Stored data ->
______

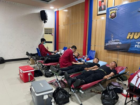 Satbrimob Polda Kalbar kembali berpartisipasi didalam kegiatan donor darah yang diselenggarakan oleh Dit Polair Polda Kalbar yang bertempat di Mako Dit Polair Polda Kalbar yang beralamat di Jl. Ahmad Yani, Kec. Siantan Hilir, Kota Pontianak. Kegiatan donor darah yang diselenggarakan oleh Dit Polair Polda Kalbar pada hari ini dalam rangka untuk memperingati HUT Polairud Ke 73. Didalam kegiatan donor darah kali ini Satbrimob Polda Kalbar mengikut sertakan sebanyak 16 orang personelnya. Selain untuk memeriahkan HUT Polairud kegiatan donor darah yang diikuti oleh personel Satbrimob Polda Kalbar hari ini juga sebagai bentuk aksi kemanusiaan untuk membantu masyarakat Indonesia khususnya masyarakat Provinsi Kalbar yang sedang memerlukan darah. Banyak manfaat yang bisa kita dapatkan ketika kita mendonorkan darah kita seperti meningkatkan produksi sel darah merah didalam tubuh kita, menjaga kesehatan jantung dan menurunkan resiko terkena penyakit pembuluh darah, membantu menurunkan berat badan, mencegah hipertensi, mencegah resiko terkena kanker serta untuk mendeteksi penyakit serius.
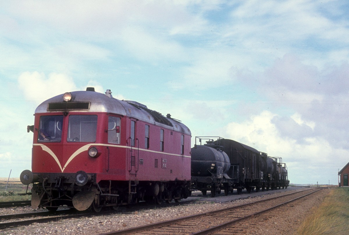 VLTJ (Vemb-Lemvig-Thyborøn-Jernbane, Lemvigbanen) Diesellok M12 (Frichs 1952) mit Güterwagen Rønland am 27. August 1974.
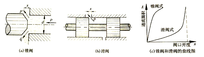按結(jié)構(gòu)形式分類有滑閥(或柱閥)、錐閥、球閥等,其中錐閥和滑閥是主要的結(jié)構(gòu)形式,應(yīng)用非常廣泛。錐閥的特點(diǎn)是具有良好的密封性,小開度時面積梯度dA/dx(x為閥口開度,A為閥口通流面積)比較大;滑閥的特點(diǎn)和錐閥相反。滑閥和錐閥的比較如圖5-1所示。
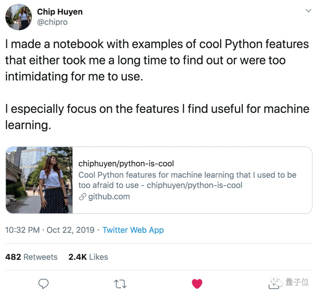 常常发资源的英伟达工程师小姐姐Chip Huyen,又发射了一套Python隐藏功能合集。

______

What is needed ->
Output the line containing "VLTJ (Vemb-Lemvig-Thyborøn-Jernbane, Lemvigbanen)" along with every line after it to the end of the material, exactly as written, but without pictures.

Your response ->
 VLTJ (Vemb-Lemvig-Thyborøn-Jernbane, Lemvigbanen) Diesellok M12 (Frichs 1952) mit Güterwagen Rønland am 27. August 1974.
按結(jié)構(gòu)形式分類有滑閥(或柱閥)、錐閥、球閥等,其中錐閥和滑閥是主要的結(jié)構(gòu)形式,應(yīng)用非常廣泛。錐閥的特點(diǎn)是具有良好的密封性,小開度時面積梯度dA/dx(x為閥口開度,A為閥口通流面積)比較大;滑閥的特點(diǎn)和錐閥相反。滑閥和錐閥的比較如圖5-1所示。
 常常发资源的英伟达工程师小姐姐Chip Huyen,又发射了一套Python隐藏功能合集。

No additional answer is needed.